I still suffer from “chemo brain“. I get tired and irritated quickly (especially when people moan about, what feels to me, like trivial matters). My memory is shockingly bad. My poor work colleagues can testify to that! I cry really easily – more so than before I had chemo and not just because the future terrifies me. My body is a mess of scars and weird shapes. My ‘lymphy’ arm is about 35% larger than the right and getting tops and jackets to fit is beyond annoying, but the lymphedema service has been wonderfully supportive and it’s a manageable condition. I have wonderful family and friends who help me live my best life.
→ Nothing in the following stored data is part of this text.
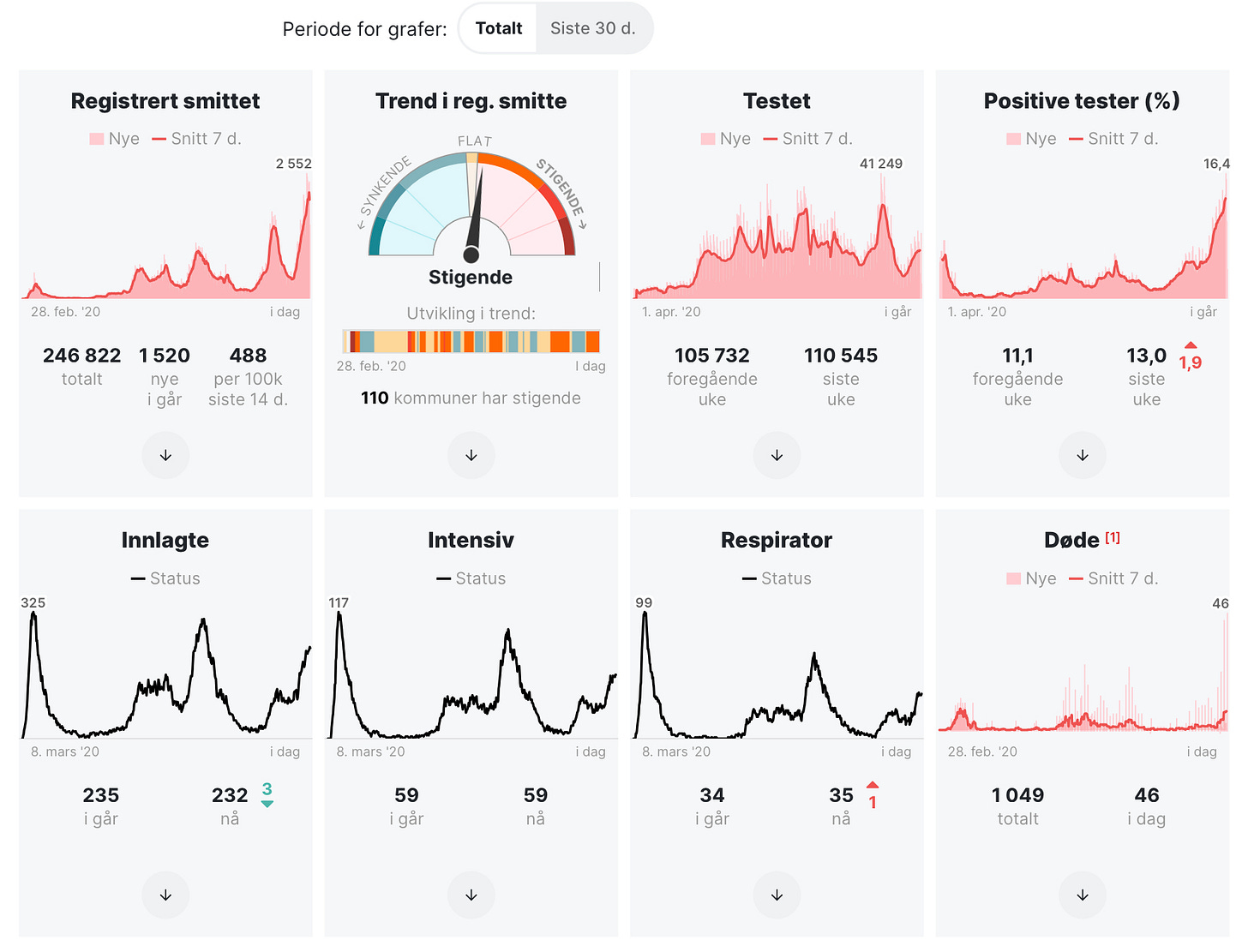 Norway added 1,520 infections and another 46 pandemic deaths since yesterdayâs update.
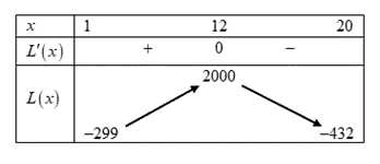 Dựa vào bảng biến thiên của phần c), lợi nhuận tối đa đạt được trong một ngày là 2000 (nghìn đồng).
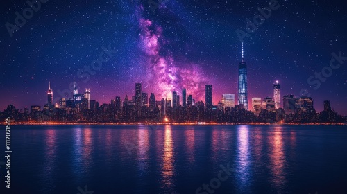 © Astri, Fototapeta premium A stunning night skyline of a city under a vibrant Milky Way backdrop.
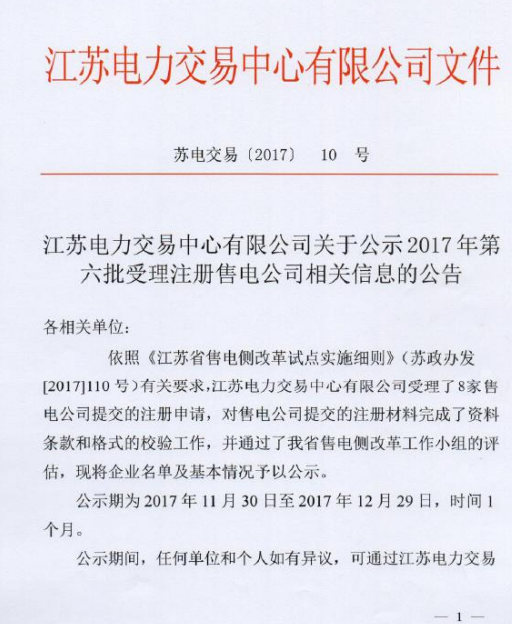 近日,江蘇電力交易中心發(fā)布了《關(guān)于2017年第六批受理注冊(cè)售電公司相關(guān)信息的公告》,公告稱對(duì)第六批8家售電公司進(jìn)行了受理公示,公示期為11月30日至12月29日。

My son is now nine and is still my main motivation for getting up and enjoying every day. 

I don’t take life and good health for granted. I changed my diet. I am now plant-based (almost exclusively) and only have sugary things as treats every now and then. The more I read, the more I feel that the foods I eat and my emotional wellbeing will help my recovery in more ways than one. The chemo I am now on isn’t too bad. The side effects are minimal (at the moment) and manageable. It’s the blood tests I dread! My poor veins just don’t want to cooperate!

I don’t let my scars or illness stop me from doing anything. I know that my ‘squatter’ is zipping about my Lymphatic system, waiting to put down roots again and this time it could be anywhere. I still cry often and am frightened about leaving my husband and son before I’m ready. But I enjoy my life. I don’t waste time or opportunities to have fun and enjoy time with the people I love. I’m still fighting.